[Opening Dataset extract section]

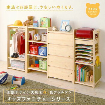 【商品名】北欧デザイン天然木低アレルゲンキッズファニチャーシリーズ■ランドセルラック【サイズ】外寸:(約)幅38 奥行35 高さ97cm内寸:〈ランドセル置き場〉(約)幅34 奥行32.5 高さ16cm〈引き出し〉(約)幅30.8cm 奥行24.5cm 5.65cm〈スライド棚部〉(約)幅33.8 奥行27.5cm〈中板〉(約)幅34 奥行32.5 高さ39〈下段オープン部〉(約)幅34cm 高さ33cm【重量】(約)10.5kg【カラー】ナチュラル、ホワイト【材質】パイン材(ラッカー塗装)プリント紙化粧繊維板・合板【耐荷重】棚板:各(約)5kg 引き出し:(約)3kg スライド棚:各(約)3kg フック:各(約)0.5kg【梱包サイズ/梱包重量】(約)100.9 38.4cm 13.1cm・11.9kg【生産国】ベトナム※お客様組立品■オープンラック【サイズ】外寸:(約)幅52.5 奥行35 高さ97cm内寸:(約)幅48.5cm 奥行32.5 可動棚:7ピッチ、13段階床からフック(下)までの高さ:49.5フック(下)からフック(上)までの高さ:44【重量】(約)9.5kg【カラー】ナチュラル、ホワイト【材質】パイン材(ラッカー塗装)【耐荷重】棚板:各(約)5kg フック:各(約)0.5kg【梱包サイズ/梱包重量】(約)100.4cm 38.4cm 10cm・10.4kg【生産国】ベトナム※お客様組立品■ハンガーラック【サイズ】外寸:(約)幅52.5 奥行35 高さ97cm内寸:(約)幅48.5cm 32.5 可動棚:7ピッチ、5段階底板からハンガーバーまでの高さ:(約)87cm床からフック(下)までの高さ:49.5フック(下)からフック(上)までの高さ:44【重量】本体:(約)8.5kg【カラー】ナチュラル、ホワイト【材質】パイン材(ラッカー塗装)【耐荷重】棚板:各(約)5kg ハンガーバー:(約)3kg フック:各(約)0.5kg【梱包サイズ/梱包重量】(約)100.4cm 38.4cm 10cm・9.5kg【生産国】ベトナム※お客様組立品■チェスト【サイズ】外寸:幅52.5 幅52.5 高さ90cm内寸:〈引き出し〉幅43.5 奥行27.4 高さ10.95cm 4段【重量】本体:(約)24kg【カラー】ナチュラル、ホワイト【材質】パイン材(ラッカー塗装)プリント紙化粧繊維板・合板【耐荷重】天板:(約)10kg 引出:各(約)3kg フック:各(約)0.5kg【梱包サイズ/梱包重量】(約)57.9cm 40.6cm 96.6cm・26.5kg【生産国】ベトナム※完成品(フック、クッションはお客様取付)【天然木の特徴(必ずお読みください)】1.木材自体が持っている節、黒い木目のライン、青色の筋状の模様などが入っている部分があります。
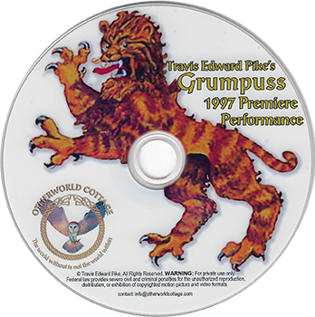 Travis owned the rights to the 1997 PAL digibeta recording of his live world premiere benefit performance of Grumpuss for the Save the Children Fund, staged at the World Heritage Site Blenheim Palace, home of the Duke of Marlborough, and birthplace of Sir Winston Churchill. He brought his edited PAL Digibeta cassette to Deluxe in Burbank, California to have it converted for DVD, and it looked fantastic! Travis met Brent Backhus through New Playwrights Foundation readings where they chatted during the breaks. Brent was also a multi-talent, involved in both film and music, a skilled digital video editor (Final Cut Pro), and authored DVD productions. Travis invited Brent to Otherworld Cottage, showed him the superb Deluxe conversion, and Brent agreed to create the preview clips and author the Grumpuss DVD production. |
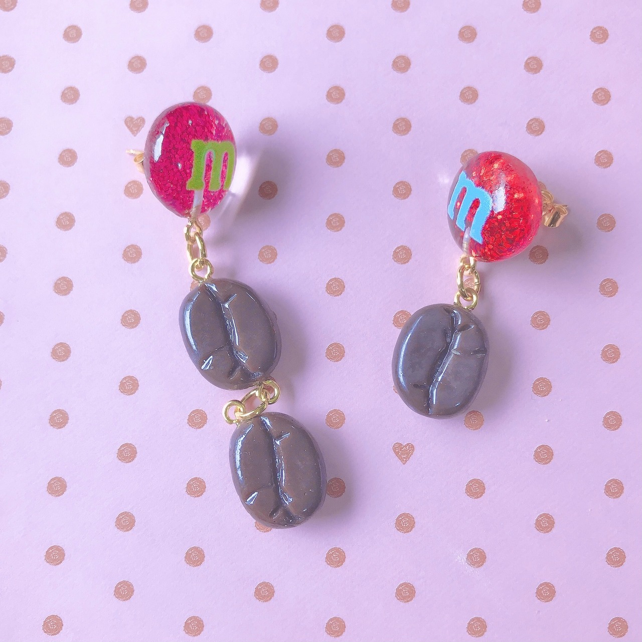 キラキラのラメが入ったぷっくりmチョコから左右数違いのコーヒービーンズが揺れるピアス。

[Closing Dataset extract section]

- _Work to complete_:
All of the material above goes into the copy exactly as is; the pictures do not.

- _Exercise response_:
 【商品名】北欧デザイン天然木低アレルゲンキッズファニチャーシリーズ■ランドセルラック【サイズ】外寸:(約)幅38 奥行35 高さ97cm内寸:〈ランドセル置き場〉(約)幅34 奥行32.5 高さ16cm〈引き出し〉(約)幅30.8cm 奥行24.5cm 5.65cm〈スライド棚部〉(約)幅33.8 奥行27.5cm〈中板〉(約)幅34 奥行32.5 高さ39〈下段オープン部〉(約)幅34cm 高さ33cm【重量】(約)10.5kg【カラー】ナチュラル、ホワイト【材質】パイン材(ラッカー塗装)プリント紙化粧繊維板・合板【耐荷重】棚板:各(約)5kg 引き出し:(約)3kg スライド棚:各(約)3kg フック:各(約)0.5kg【梱包サイズ/梱包重量】(約)100.9 38.4cm 13.1cm・11.9kg【生産国】ベトナム※お客様組立品■オープンラック【サイズ】外寸:(約)幅52.5 奥行35 高さ97cm内寸:(約)幅48.5cm 奥行32.5 可動棚:7ピッチ、13段階床からフック(下)までの高さ:49.5フック(下)からフック(上)までの高さ:44【重量】(約)9.5kg【カラー】ナチュラル、ホワイト【材質】パイン材(ラッカー塗装)【耐荷重】棚板:各(約)5kg フック:各(約)0.5kg【梱包サイズ/梱包重量】(約)100.4cm 38.4cm 10cm・10.4kg【生産国】ベトナム※お客様組立品■ハンガーラック【サイズ】外寸:(約)幅52.5 奥行35 高さ97cm内寸:(約)幅48.5cm 32.5 可動棚:7ピッチ、5段階底板からハンガーバーまでの高さ:(約)87cm床からフック(下)までの高さ:49.5フック(下)からフック(上)までの高さ:44【重量】本体:(約)8.5kg【カラー】ナチュラル、ホワイト【材質】パイン材(ラッカー塗装)【耐荷重】棚板:各(約)5kg ハンガーバー:(約)3kg フック:各(約)0.5kg【梱包サイズ/梱包重量】(約)100.4cm 38.4cm 10cm・9.5kg【生産国】ベトナム※お客様組立品■チェスト【サイズ】外寸:幅52.5 幅52.5 高さ90cm内寸:〈引き出し〉幅43.5 奥行27.4 高さ10.95cm 4段【重量】本体:(約)24kg【カラー】ナチュラル、ホワイト【材質】パイン材(ラッカー塗装)プリント紙化粧繊維板・合板【耐荷重】天板:(約)10kg 引出:各(約)3kg フック:各(約)0.5kg【梱包サイズ/梱包重量】(約)57.9cm 40.6cm 96.6cm・26.5kg【生産国】ベトナム※完成品(フック、クッションはお客様取付)【天然木の特徴(必ずお読みください)】1.木材自体が持っている節、黒い木目のライン、青色の筋状の模様などが入っている部分があります。
 Travis owned the rights to the 1997 PAL digibeta recording of his live world premiere benefit performance of Grumpuss for the Save the Children Fund, staged at the World Heritage Site Blenheim Palace, home of the Duke of Marlborough, and birthplace of Sir Winston Churchill. He brought his edited PAL Digibeta cassette to Deluxe in Burbank, California to have it converted for DVD, and it looked fantastic! Travis met Brent Backhus through New Playwrights Foundation readings where they chatted during the breaks. Brent was also a multi-talent, involved in both film and music, a skilled digital video editor (Final Cut Pro), and authored DVD productions. Travis invited Brent to Otherworld Cottage, showed him the superb Deluxe conversion, and Brent agreed to create the preview clips and author the Grumpuss DVD production. |
 キラキラのラメが入ったぷっくりmチョコから左右数違いのコーヒービーンズが揺れるピアス。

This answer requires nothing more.